START Records shown

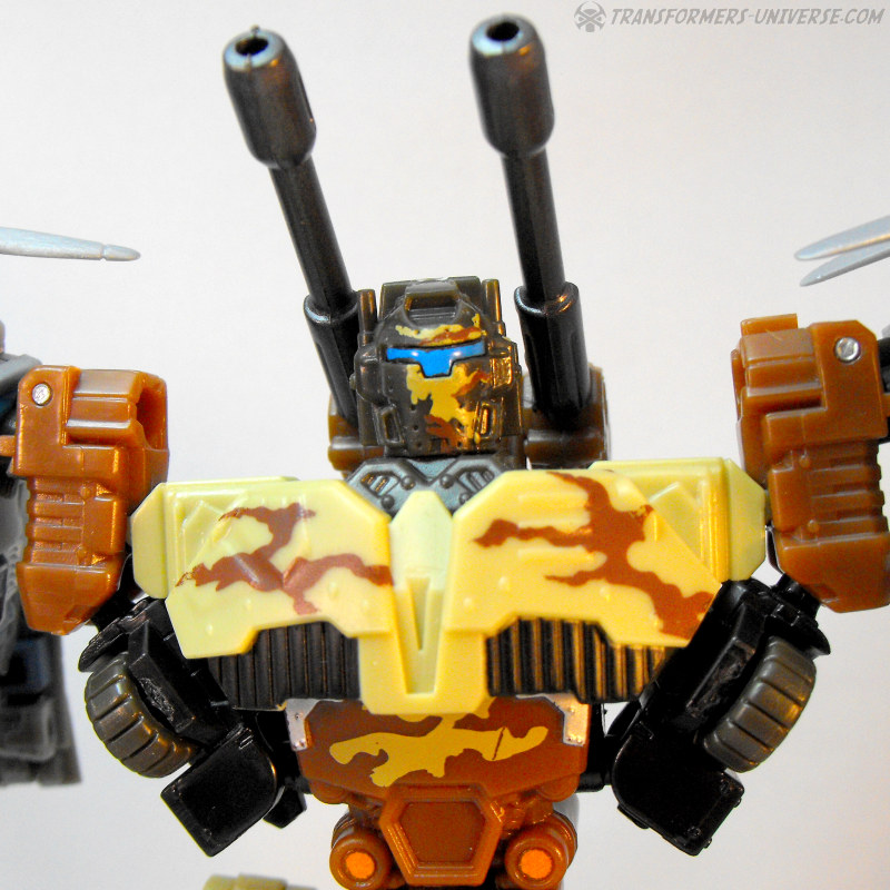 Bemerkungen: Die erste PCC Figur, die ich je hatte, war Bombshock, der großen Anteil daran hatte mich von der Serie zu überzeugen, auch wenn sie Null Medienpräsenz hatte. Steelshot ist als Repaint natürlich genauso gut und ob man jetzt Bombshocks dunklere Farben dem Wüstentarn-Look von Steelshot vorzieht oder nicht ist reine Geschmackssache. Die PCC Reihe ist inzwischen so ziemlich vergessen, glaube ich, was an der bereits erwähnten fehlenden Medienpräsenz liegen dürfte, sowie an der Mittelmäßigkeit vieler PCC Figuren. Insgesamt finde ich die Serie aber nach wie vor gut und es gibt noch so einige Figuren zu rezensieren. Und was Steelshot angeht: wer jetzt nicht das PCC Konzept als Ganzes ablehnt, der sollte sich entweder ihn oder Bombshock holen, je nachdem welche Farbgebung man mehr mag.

END Records shown
START Records shown

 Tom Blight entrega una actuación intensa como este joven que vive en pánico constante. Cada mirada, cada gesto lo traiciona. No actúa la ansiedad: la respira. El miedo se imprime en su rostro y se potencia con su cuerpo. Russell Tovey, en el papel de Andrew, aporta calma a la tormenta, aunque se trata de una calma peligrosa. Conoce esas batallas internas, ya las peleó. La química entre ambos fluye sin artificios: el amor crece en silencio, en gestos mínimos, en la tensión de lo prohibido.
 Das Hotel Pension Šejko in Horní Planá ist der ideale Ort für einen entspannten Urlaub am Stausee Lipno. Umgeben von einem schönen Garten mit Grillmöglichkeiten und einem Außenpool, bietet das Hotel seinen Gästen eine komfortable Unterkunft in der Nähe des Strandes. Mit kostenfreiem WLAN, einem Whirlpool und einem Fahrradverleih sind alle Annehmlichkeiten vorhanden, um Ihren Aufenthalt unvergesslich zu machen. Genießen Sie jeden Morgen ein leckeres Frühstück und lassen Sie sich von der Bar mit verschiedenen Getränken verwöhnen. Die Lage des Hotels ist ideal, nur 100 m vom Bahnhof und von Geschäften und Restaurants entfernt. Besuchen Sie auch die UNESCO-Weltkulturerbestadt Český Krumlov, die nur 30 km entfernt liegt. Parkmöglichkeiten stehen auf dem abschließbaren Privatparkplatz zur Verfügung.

END Records shown
START Records shown

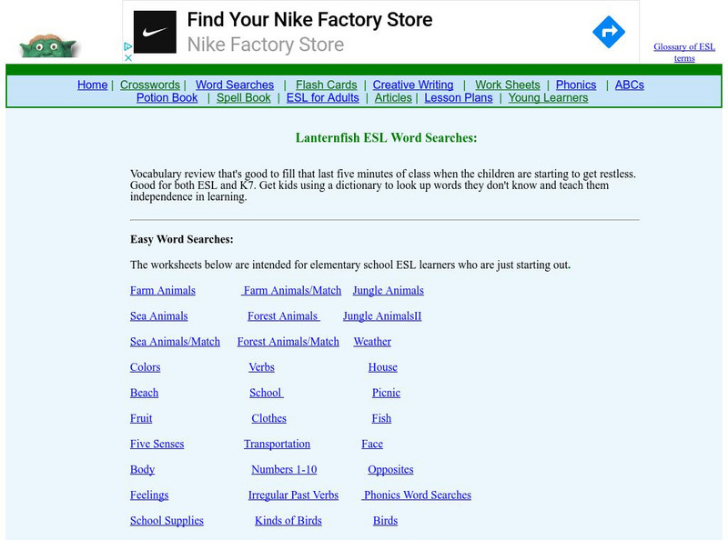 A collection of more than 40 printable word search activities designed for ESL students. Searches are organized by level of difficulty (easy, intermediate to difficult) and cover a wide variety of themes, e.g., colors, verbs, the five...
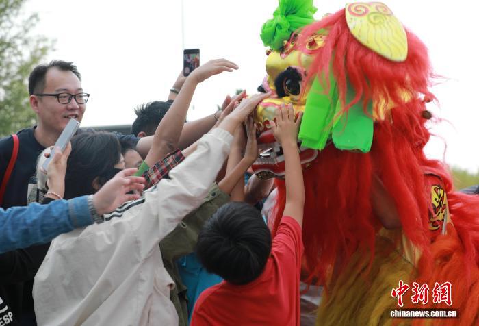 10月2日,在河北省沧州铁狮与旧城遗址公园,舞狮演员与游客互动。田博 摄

END Records shown

_Required work_
What is asked for is an exact copy of the lines above from the one containing "Tom Blight entrega" through the one containing "Das Hotel Pension", and only those.

_Written answer_
 Tom Blight entrega una actuación intensa como este joven que vive en pánico constante. Cada mirada, cada gesto lo traiciona. No actúa la ansiedad: la respira. El miedo se imprime en su rostro y se potencia con su cuerpo. Russell Tovey, en el papel de Andrew, aporta calma a la tormenta, aunque se trata de una calma peligrosa. Conoce esas batallas internas, ya las peleó. La química entre ambos fluye sin artificios: el amor crece en silencio, en gestos mínimos, en la tensión de lo prohibido.
 Das Hotel Pension Šejko in Horní Planá ist der ideale Ort für einen entspannten Urlaub am Stausee Lipno. Umgeben von einem schönen Garten mit Grillmöglichkeiten und einem Außenpool, bietet das Hotel seinen Gästen eine komfortable Unterkunft in der Nähe des Strandes. Mit kostenfreiem WLAN, einem Whirlpool und einem Fahrradverleih sind alle Annehmlichkeiten vorhanden, um Ihren Aufenthalt unvergesslich zu machen. Genießen Sie jeden Morgen ein leckeres Frühstück und lassen Sie sich von der Bar mit verschiedenen Getränken verwöhnen. Die Lage des Hotels ist ideal, nur 100 m vom Bahnhof und von Geschäften und Restaurants entfernt. Besuchen Sie auch die UNESCO-Weltkulturerbestadt Český Krumlov, die nur 30 km entfernt liegt. Parkmöglichkeiten stehen auf dem abschließbaren Privatparkplatz zur Verfügung.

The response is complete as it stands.